Man that sucks azz........ your bro called me last night after all the paperwork was done.

You might want to start a thread up on the ice fishing forum as well.

Kyle


----------



## magnum3.5 (Sep 19, 2003)

TTT


----------



## uglyman (Dec 25, 2007)

I remember the good ole days of leaving house unlocked at night, keys in the car ignition & not a care in the world.

Worst we had was kids toilet paper the house. THis type of BS is becomming all too common everywhere & Im damn sick of it.

Time to bring back the noose....Justice

Cut off the nads of Perverts & Sex offenders, & cut off hands or hang theives. No appeals with cameras or other overwhelmng evidence for someone to wait 3yrs on parole.

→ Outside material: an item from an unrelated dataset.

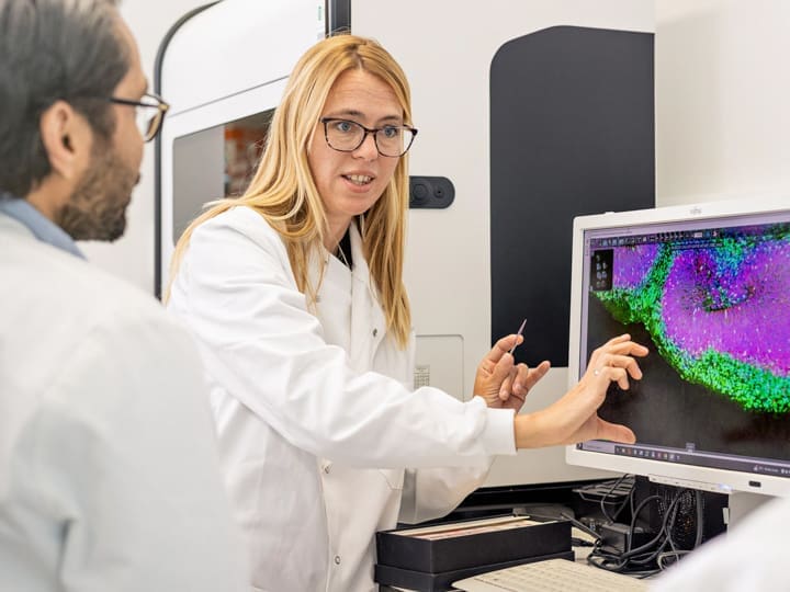 Woman in lab coat points at a colourful scientific image on a monitor, holding a small tool, while a man in a lab coat listens.

America is broke and is in badly need of a fix. 
Traitors in DC, Republican & Democrat alike are all whores. 
2 cheeks of the same ***, working for the same 1 party we have in this nation. Im a Ron Paul fan but I fear this repair needed is too much for even him. 
Boston Tea Party Time.

These criminals in DC work FOR US but are too worried about staying in office & then going to a lobbyist job making $1 million a year selling more bribes & pimping away. 
Sorry to rant, I hope you get back your ice house


----------



## Savage260 (Oct 21, 2007)

You guys hear any thing on your house yet? I talked to one of the BIA guys, who was fishing that area on Sat. He said he didn't remember seeing a red house. He also said he would keep an eye open for it in the DL area. Hope some thing turns up!

Laite


----------



## ndarbuckle (Dec 24, 2007)

No news yet, we got everthing settled with the insurance company already. The reward still stands even though the insurance company will own the house if it is found. I would just like to see someone go to jail, so the reward still stands.


----------